Dentro da lei
O presidente do Ibram, Angelo Oswaldo de Araújo Santos, defende a legislação sobre obras de arte, que alarmou galeristas e colecionadores. Para ele, o governo não prejudicará o mercado
Walter Sebastião
O mercado está em polvorosa. Motivo: o decreto
assinado em outubro pela presidente Dilma Rousseff – regulamentando lei
que criou o Estatuto dos Museus – alterou o conceito de coleções pública
e privada de arte, além de permitir ao Estado fiscalizar obras, desde
que elas sejam definidas como bens de interesse para o país.
Galeristas, artistas e colecionadores acusam o Estado de desrespeitar a propriedade privada. A venda dessas obras de arte terá de ser aprovada pelo governo. O decreto deixa claro: o proprietário do quadro, escultura ou instalação, por exemplo, “não procederá à saída permanente do bem do país, exceto por curto período, para fins de intercâmbio cultural, com a prévia autorização do Conselho Consultivo do Patrimônio Museológico, ou, caso se destine a transferência de domínio, desde que comprovada a observância do direito de preferência do Ibram”. No caso de venda judicial e leilões, o Estado tem a primazia na aquisição dessas obras.

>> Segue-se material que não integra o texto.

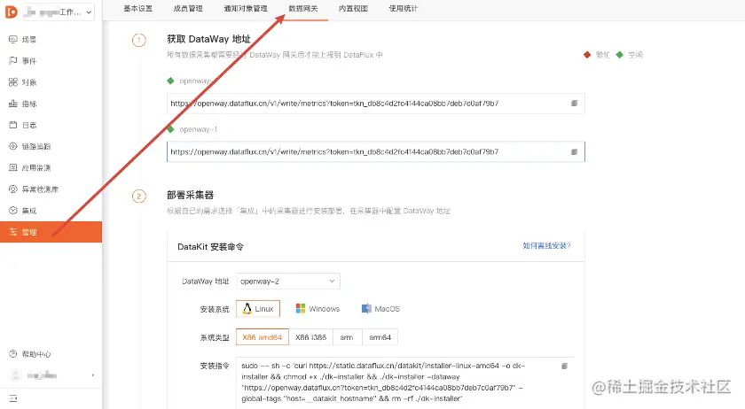 首先,我们登录DataFlux官网注册并登录会员账号,接着可按照下图(控制台-管理-数据网关),或参考链接2找到并安装DataKit。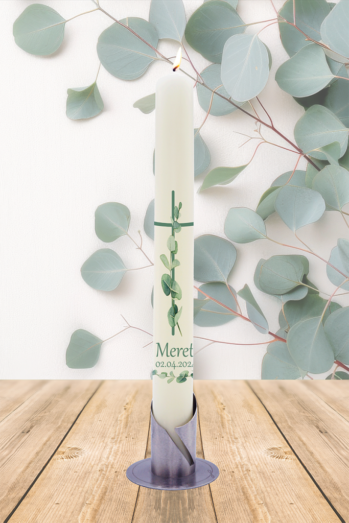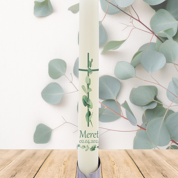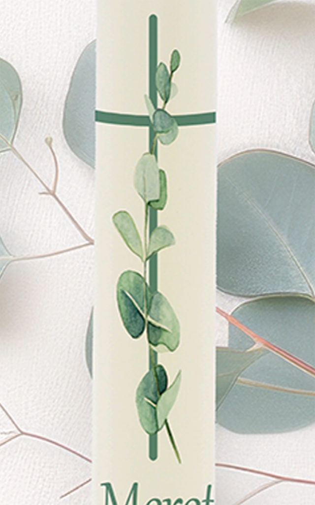 Tauf- / Kommunionkerze 40x4cm Meret Eucalypthus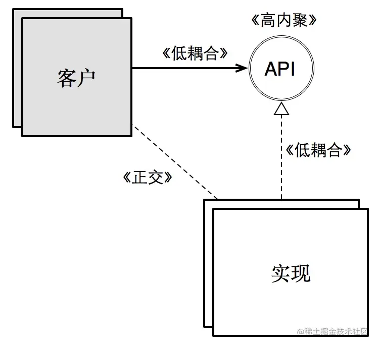 在之前《应对变化》中提到模块之间合的策略:缩小依赖范围,API是两个模块间唯一的联结点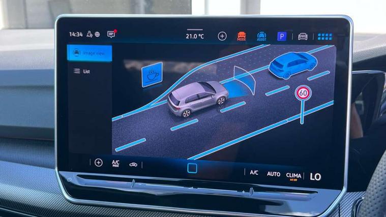 Activated carbon canister, Adaptive cruise control (ACC), Advanced driver attention and drowsiness monitor, Dynamic road sign display, Dynamic steering, E-Sim card for online connectivity, eCall emergency call system, Multi-color Digital cockpit pro, selection of different info profile possible, Multifunction front facing camera for distance control, Navigation system, Oncoming vehicle braking when turning including swerve support, Preparation for light assist system, Speed limiter, Speedo, rev counter, electronic odometer, trip, service interval display, exterior temperature and fuel gauge, Traffic jam assist, Voice enhancer and voice control, Warning signal and warning light for front and rear seatbelts not fastened, We connect plus preparation, We connect preparation, Wireless app connect, Petrol Particulate Filter, Start-stop system with battery regeneration (recuperation - energy recovery during braking), XDS electronic differential lock for improved traction and handling, 2 USB C ports in front, 2 USB charging sockets on the centre console in the rear charging capacity upto 45W, Comfort telephony + wireless charging, without wireless aerial connection, Digital radio reception (DAB), Diversity antenna for FM reception, Gaming platform via car app, Infotainment system with 12.9" display, Mobile phone interface with inductive charging feature, 3rd brake light, Auto headlights, Automatic headlamp activation with Coming home and Leaving home feature, Body colored bumpers in R-Line style, Body colour door handles, Exterior ambient lighting with illuminated door handles, Exterior mirrors convex on the left and aspherical on the right, Front and rear electric windows, Heat insulating windshield made of laminated glass, LED daytime running lights, Rear exhaust tailpipe, Rear fog light on one side and reversing lights on both sides, Rear side wing doors, Rear windscreen washer and wiper with interval delay, Remote electrically foldable door mirrors, puddle lights and reverse activated passenger's door mirror, Welcome light with surround lighting, 12V socket in front centre console, 12V socket in luggage compartment, 3 rear head restraints, 3 seat bench in 2nd row, Ambient lighting with 30 colour including LED light unit in front footwell with selectable light colour, Brushed stainless steel pedals, Carpet mats, front and rear, Chrome plated radiator grille inserts, air vent surrounds and light switch surrounds, Front centre armrest, Integrated front head restraints, ISOFIX anchors for child seats on outer rear bench seats and on front passanger seat compatible for i-Size, Leather gearshift handle, Luggage compartment lighting, Premium sports seats in front, Rear cupholder and loadthough, Single front passenger seat, Soul black instrument panel, Split folding backrest with centre armrest and unsplit rear seat bench, Storm grey roof lining, Sun visors with illuminated vanity mirrors, 3 point height adj front seatbelts + pretensioners, 3 rear three point seatbelts, ABS, Autonomous emergency braking front assist with pedestrian and cyclist monitoring, Child locks on rear doors, Driver and front passenger airbag with front passenger airbag deactivation, Electronic parking brake with auto hold, ESC (Electronic Stability Control), Extended pedestrian protection measures, Rear disc brakes, Two tone horn, Tyre pressure loss indicator, Volkswagen roadside assistance, Anti theft wheel bolts, Preparation for alcohol interlock, Decorative inserts carbon grey for dashboard and front door trim panels,

O responsável por peças declaradas de interesse público não pode restaurá-las, vendê-las e emprestá-las sem autorização do Instituto Brasileiro de Museus (Ibram). A seção paulista da Ordem dos Advogados do Brasil (OAB) está analisando as novas normas e estuda recorrer à Justiça contra o decreto.
O presidente do Ibram, Angelo Oswaldo de Araújo Santos, diz que “vozes precipitadas” espalharam “alarme” sobre as novas regras, mas acredita que os ânimos já serenaram. A pedido do Estado de Minas, ele responde às dúvidas sobre o decreto.
CARLOS PERKTOLD
Crítico de arte e colecionador
Alega-se que o decreto prejudica o mercado de arte, imaginando-se que peças de alto valor artístico e financeiro passam a correr risco de ser declaradas de interesse nacional. Como elas serão selecionadas?
Angelo Oswaldo – Houve, sim, alarde e alarme. Vozes precipitadas espalharam interpretações que não traduziram a realidade da nova legislação. O receio se disseminou principalmente no mercado, que se autoprejudicava ao insistir nessas versões. Agora, com os esclarecimentos gerais, os ânimos estão serenados e já se pode ver amplamente o benefício trazido pela política nacional de museus. O Conselho de Patrimônio Museológico, formado por oito representantes de instituições e 13 personalidades da cultura, irá declarar um bem ou uma coleção de interesse público. Isso ocorrerá episodicamente, depois de um dossiê formado sobre cada bem passível de receber proteção especial. Qualquer cidadão poderá pedir ao Ibram a abertura do processo, mas o conselho é que decide, fundamentado nos critérios de excelência e notável excepcionalidade.
FLÁVIA E LÚCIO ALBUQUERQUE
Galeristas
De cinco anos para cá, o mercado se formalizou e os negócios têm ocorrido de forma transparente. Temos dúvida sobre até que o ponto as novas medidas vão na contramão desse quadro.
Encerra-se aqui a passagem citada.